___ Entries supplied ___
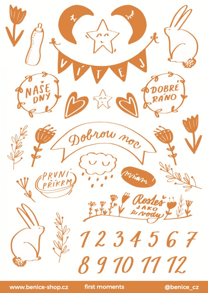 Obsahuje:1 arch samolepekRozměr: cca 12 x 17 cmOriginální autorský designSamolepky ilustrovala česká výtvarnice Bára z Nikolajky. Motivy na samolepkách jsou inspirované krásným obdobím malého miminka - lahvičky, příkrm, měsíce, a další motivy. Design výrobků Be Nice vytváříme delší dobu a než se...
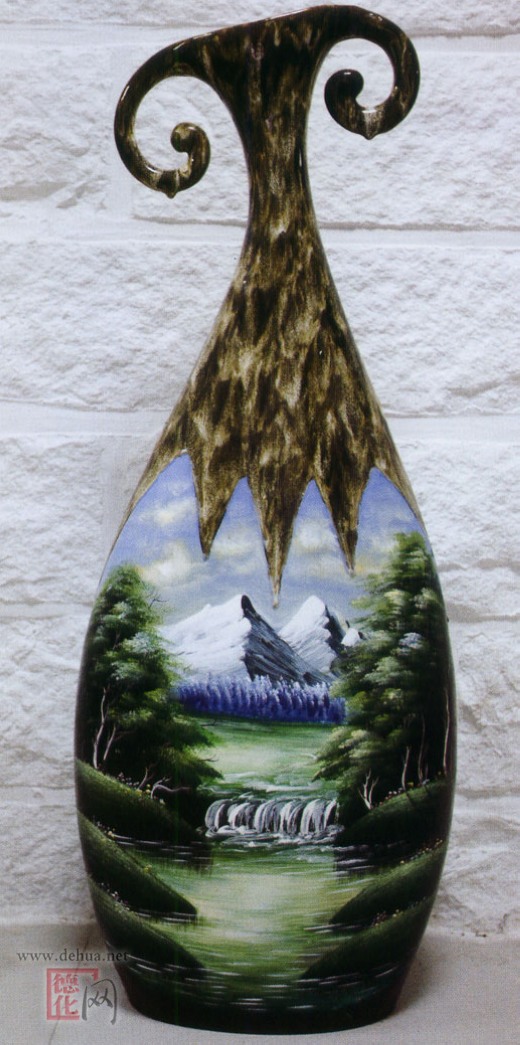 瓷器表面使用特殊处理后,交由画家手工绘制上鲜艳的油画作品,以画装点瓷器,使德化瓷产生这种中西合璧、古今混搭的装饰风格。
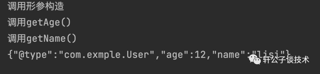 User user = new User("lisi",12);//不写User.class 让它自己去调用String serializedStr1 = JSON.toJSONString(user,SerializerFeature.WriteClassName);System.out.println(serializedStr1);
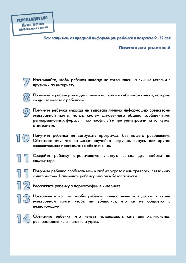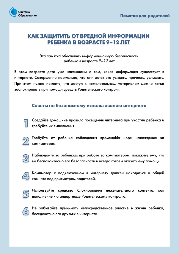 - Как защитить от вредной информации ребенка в возрасте 9-12 лет (вторая страница)
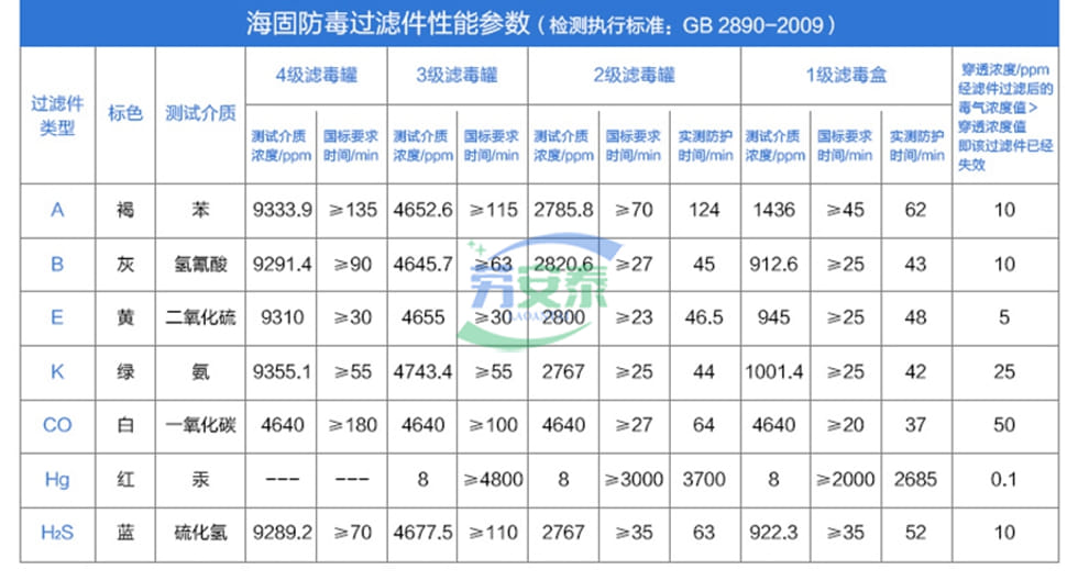 防有机和无机气体及蒸气 酸性气体 氨及有机氨衍生物 硫化氢
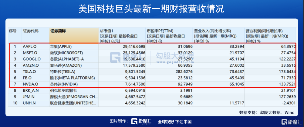 业绩也还继续在稳增长:亚马逊今年前三季度营收增长27.6%,利润增长34.96%;苹果最新一期财报营收增长33.23%,净利润增长64.92%;微软最新一期财报营收增长21.97%,净利润增长47.59%等等。这些巨头的增速虽然不是太夸张,但非常稳健,且不算低。
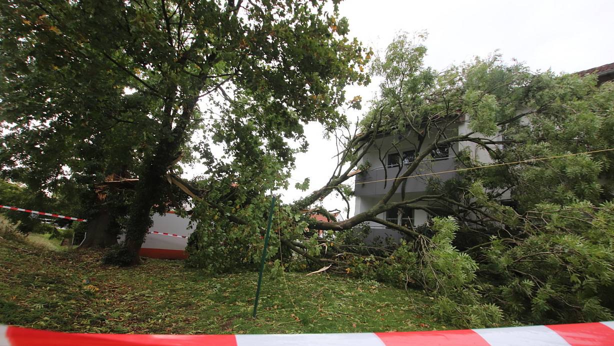 Ein Gewittersturm hat Freitagmittag mehrere Bäume umgeworfen. Zwei stürzten in Häuser, einer auf die Straße. Eine Anwohnerin entging knapp fallenden Dachziegeln.
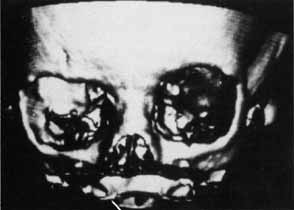 Naso–orbital–ethmoidal fractures involve the nasal bones, ethmoid sinuses, and medial orbital wall. These comminuted fractures may be characterized by collapse of the sinuses and flattening and widening of the nasal bridge, with lateralization of the medial canthi, enophthalmos, and medial rectus entrapment. The assessment of bony relationships of such complex fractures can be facilitated by three-dimensional reconstructions of conventional CT scans (Fig. 16).
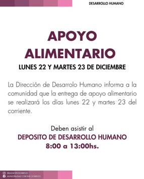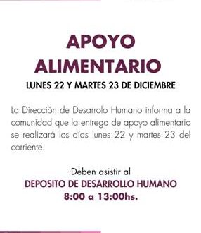 La Dirección de Desarrollo Humano de la comuna informó que se entregará Apoyo Alimentario, lunes 22 y martes 23. Hay que concurrir al depósito del área de 8 a 13.
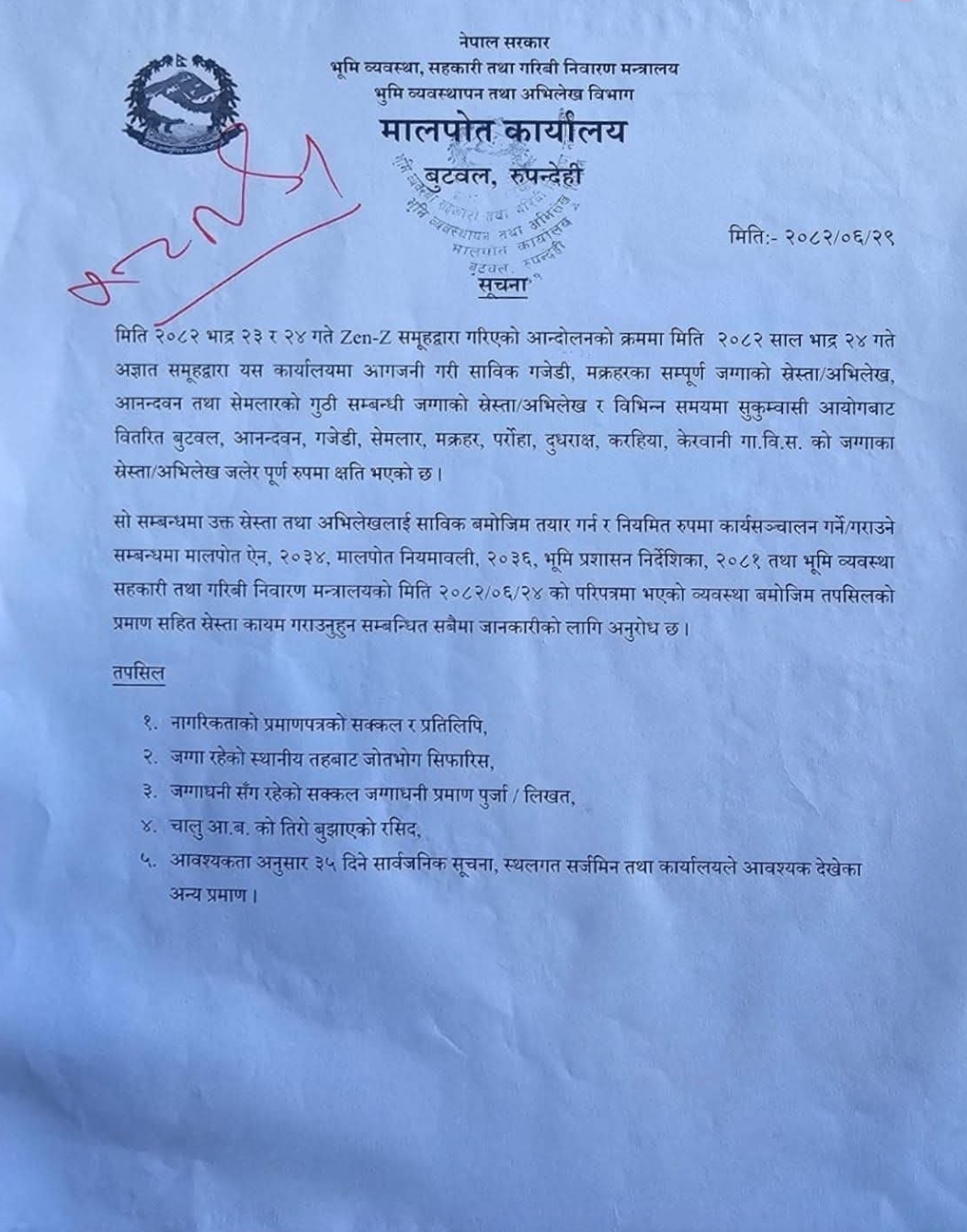 रुपन्देही, असोज ३१ — जेनजी आन्दोलनका क्रममा जलेका जग्गाधनीका कागजपत्र पुनः व्यवस्थित गर्न मालपोत कार्यालय बुटवलले जग्गाधनीहरूलाई स्रेस्ता कायम गराउन कार्यालयमा उपस्थित हुन अनुरोध गरेको छ।
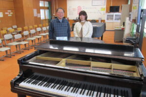 久喜市高齢者大学の音楽クラブの方(埼玉県久喜市在住)が「旅立ちの日に」が作られた当時のピアノを見たいということで、本校を訪問されました。
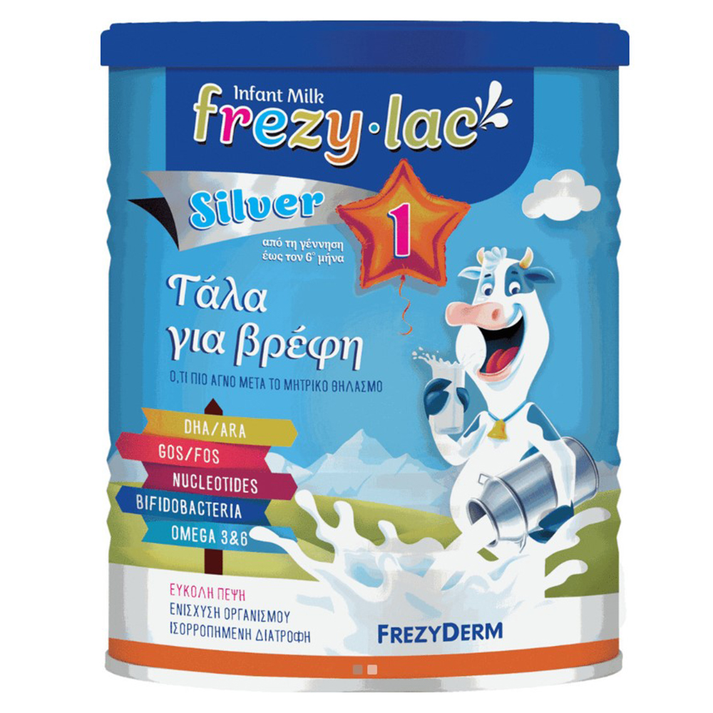 Το FREZYLAC SILVER 1 είναι αγελαδινό γάλα σε σκόνη, κατάλληλο για τη διατροφή του τελειόμηνου βρέφους από τη γέννηση έως τον 6° μήνα.
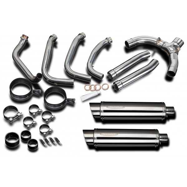 • This set includes - Delkevic down pipes, collector box, link pipes, silencers with removable baffles, straps, gaskets, clamps, and spring hooks.
___
**What you need to do**
Because only one stretch of the records is wanted, please output the lines from the one holding "瓷器表面使用特殊处理后,交由" through the one holding "Ein Gewittersturm hat" exactly, both included, and leave every picture out.

**Output below**
 瓷器表面使用特殊处理后,交由画家手工绘制上鲜艳的油画作品,以画装点瓷器,使德化瓷产生这种中西合璧、古今混搭的装饰风格。
 User user = new User("lisi",12);//不写User.class 让它自己去调用String serializedStr1 = JSON.toJSONString(user,SerializerFeature.WriteClassName);System.out.println(serializedStr1);
 - Как защитить от вредной информации ребенка в возрасте 9-12 лет (вторая страница)
 防有机和无机气体及蒸气 酸性气体 氨及有机氨衍生物 硫化氢
 业绩也还继续在稳增长:亚马逊今年前三季度营收增长27.6%,利润增长34.96%;苹果最新一期财报营收增长33.23%,净利润增长64.92%;微软最新一期财报营收增长21.97%,净利润增长47.59%等等。这些巨头的增速虽然不是太夸张,但非常稳健,且不算低。
 Ein Gewittersturm hat Freitagmittag mehrere Bäume umgeworfen. Zwei stürzten in Häuser, einer auf die Straße. Eine Anwohnerin entging knapp fallenden Dachziegeln.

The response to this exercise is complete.